Her eyes were wide, her hands still covering her mouth.

“Rowan,” he said, softly.

Finally, she spoke, and tears spilled from her eyes at the same time. “Please tell me you are faking this, Trent. Please tell me you can shift.”

Trent shook his head slowly, not understanding what was going on. He wanted to take her hand. He wanted to make it better for her. He did not, he could not.

She shook her head back and forth slowly. “I’ll never take you back, Trent. You have to know that, right? It doesn’t matter. Even if you never heal, even if you couldn’t walk, I can’t take you back. You hurt me too badly.”
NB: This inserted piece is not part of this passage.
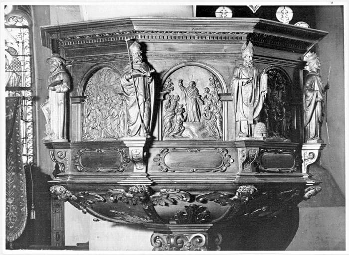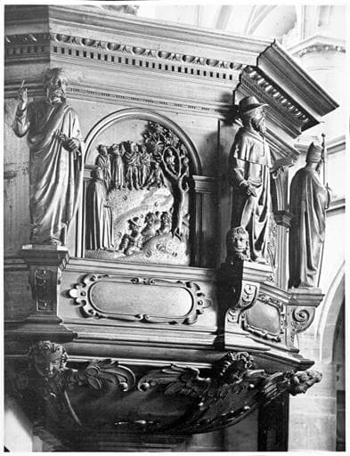 On accède à la chaire par un escalier à balustres précédé d'un portillon sculpté et daté ; un bas-relief court sur le limon. Adossé au pilier, la chaire repose sur une colonne en bois à chapiteau composite. La cuve comporte 5 pans séparés par des statues en ronde bosse et sur chaque face figure un bas-relief sous une arcade en plein-cintre. La ceinture inférieure de la cuve est ornée de cartouches aveugles à enroulements de cuirs. L'abat-voix de même plan que la cuve comporte 5 statues.

That feeling in Trent’s lungs, in his chest and solar plexus, it intensified. It expanded and weighed him down. He felt wetness on his cheek and realized he had spilled his own tear or two for the first time.

“I’ll fix it, Rowan,” he said, completely swept along in his desire to do that for her, unable to imagine that he couldn’t. He would die trying.

She shook her head again, and this time she looked stricken. “You can’t fix it. There’s no changing your basic nature.”

Oh Rhen, what did that idiot do? Cheat on her? Trent would kill him. Trent would find him in the afterlife, kill him again, and send him to the after-after life in a bag.

“I can though,” Trent said, knowing he would or die trying. “I’m sorry, I really am sorry.” He stopped himself from saying the rest of it.… for whatever it was I did.

She backed up. She dropped her hands. Her face went cold and disbelieving. Her expression was like a knife to his midsection.

Trent took some gauze off the cart nearby. He pressed it to the hole in his leg, ignoring the pain, thinking hard. He would try to make this right, he needed ideas, he needed plans and strategies, but first, he needed to know whatever his obviously-stupid-as-shit counterparthad done. But he could not ask.

Trent stole a look at his mate. She had picked up a clipboard from the cart and was scrawling notes on it, her expression tight.